Provided material ::

- - - - -

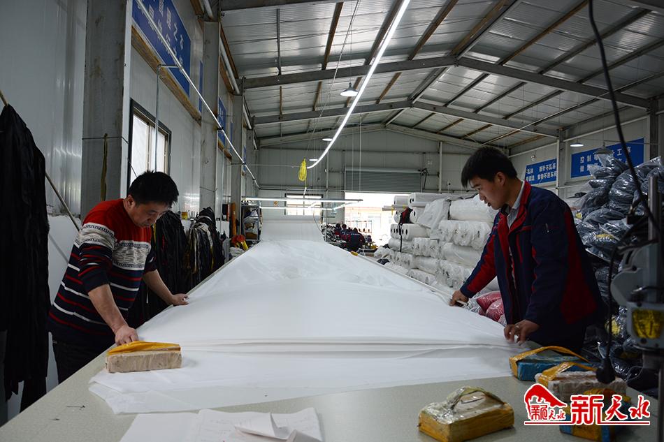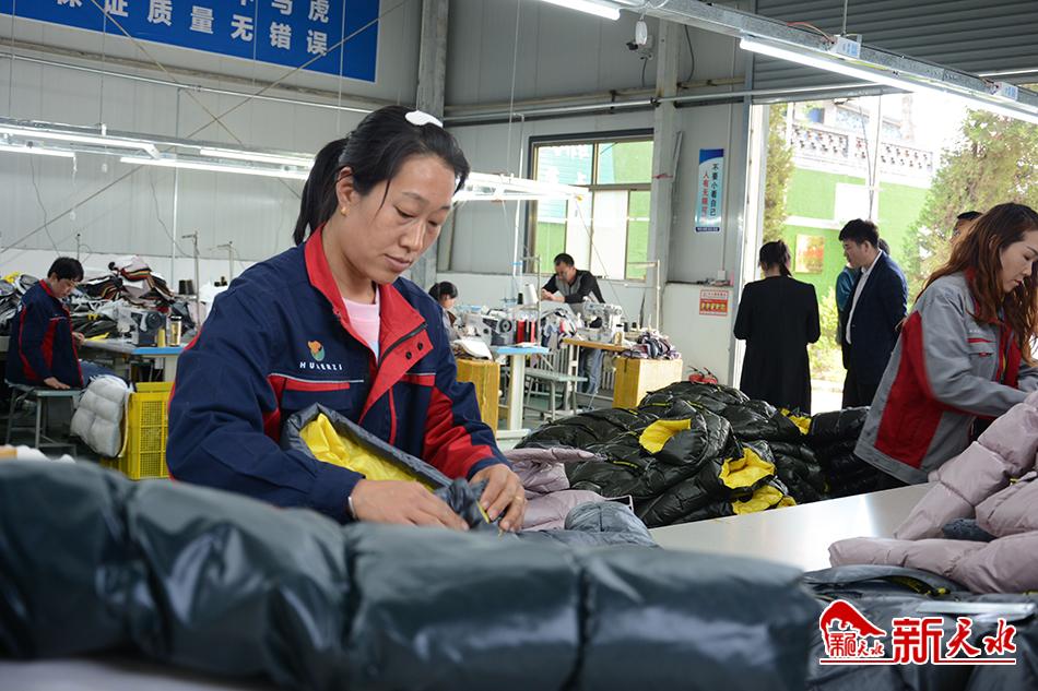5月21日,在位于清水县白驼镇梨湾村的甘肃华尔姿服装加工扶贫车间里,工人们正在忙着进行裁剪、充绒、包装……
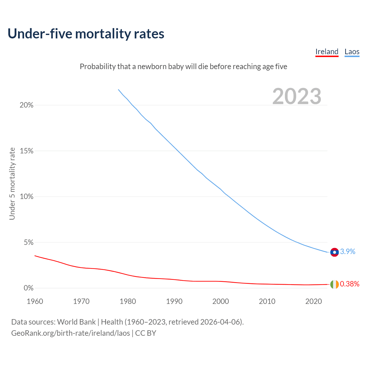 The chance that a newborn baby will die before reaching age five is 0.38% in Ireland and 3.9% in Laos. Above is a chart with historical data on under-five mortality rates.
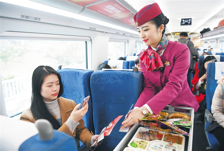 据了解,因为购买方便快捷、品种多样,网上订餐的旅客越来越多。点餐量加大后,如何及时把餐食送到旅客手中,是目前一个比较大的考验。G2次列车服务员陈楠说:“列车停靠站只有两三分钟,我们是在指定地点领取餐食后再送上车的。停靠时间短加上春运期间客流量大,给送餐服务提出了更高要求。”
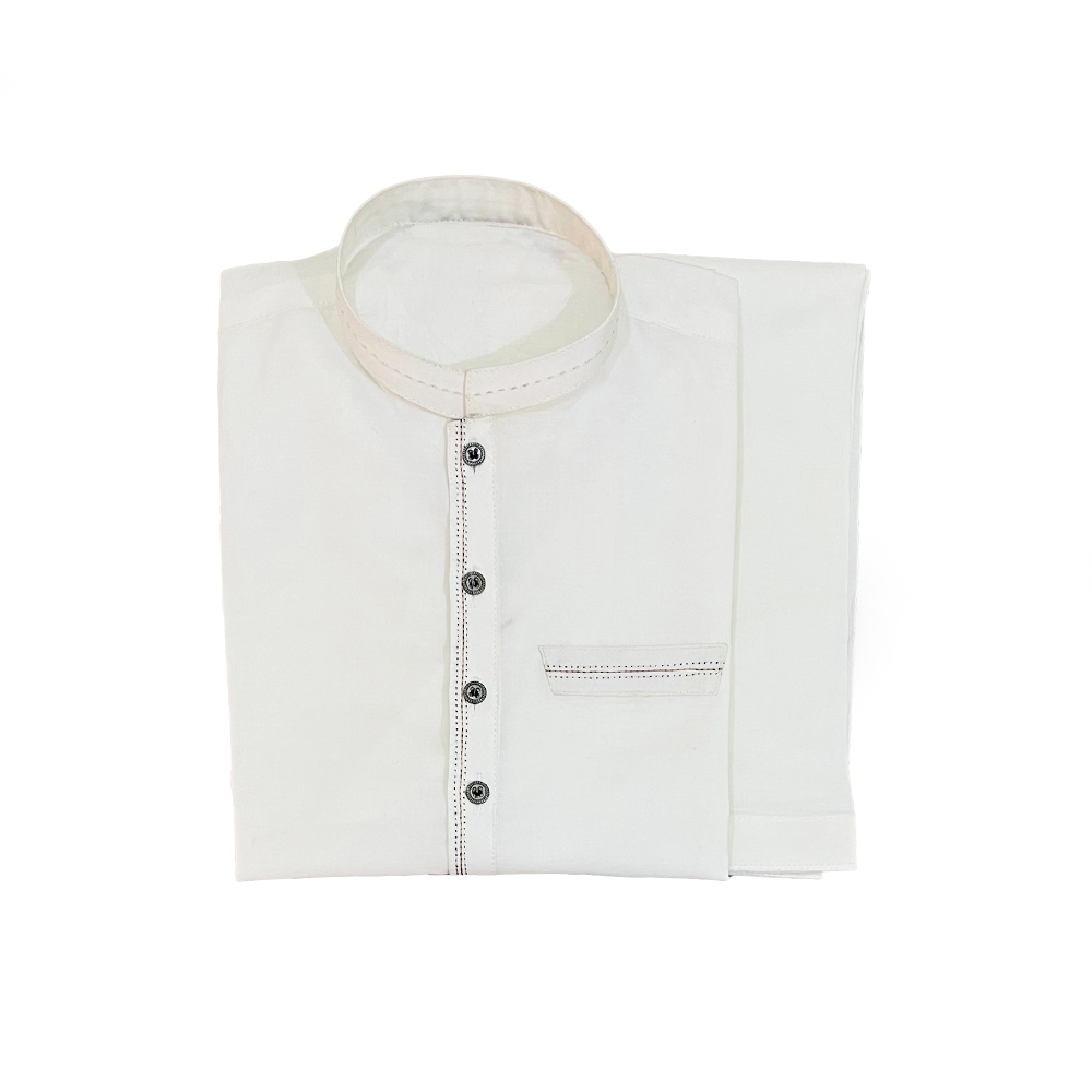 Featuring an open cuff design, this ensemble offers ease of movement and a modern flair. The same color pajama/shalwar completes the look seamlessly, creating a harmonious ensemble. Whether it’s a special occasion or a casual outing, this White Rock kids shalwar kameez is sure to make your little one stand out with style and grace.

- - - - -

Work to complete :: Since the pictures are not wanted, transcribe the rest of the listing above exactly.

Result ::
5月21日,在位于清水县白驼镇梨湾村的甘肃华尔姿服装加工扶贫车间里,工人们正在忙着进行裁剪、充绒、包装……
 The chance that a newborn baby will die before reaching age five is 0.38% in Ireland and 3.9% in Laos. Above is a chart with historical data on under-five mortality rates.
 据了解,因为购买方便快捷、品种多样,网上订餐的旅客越来越多。点餐量加大后,如何及时把餐食送到旅客手中,是目前一个比较大的考验。G2次列车服务员陈楠说:“列车停靠站只有两三分钟,我们是在指定地点领取餐食后再送上车的。停靠时间短加上春运期间客流量大,给送餐服务提出了更高要求。”
 Featuring an open cuff design, this ensemble offers ease of movement and a modern flair. The same color pajama/shalwar completes the look seamlessly, creating a harmonious ensemble. Whether it’s a special occasion or a casual outing, this White Rock kids shalwar kameez is sure to make your little one stand out with style and grace.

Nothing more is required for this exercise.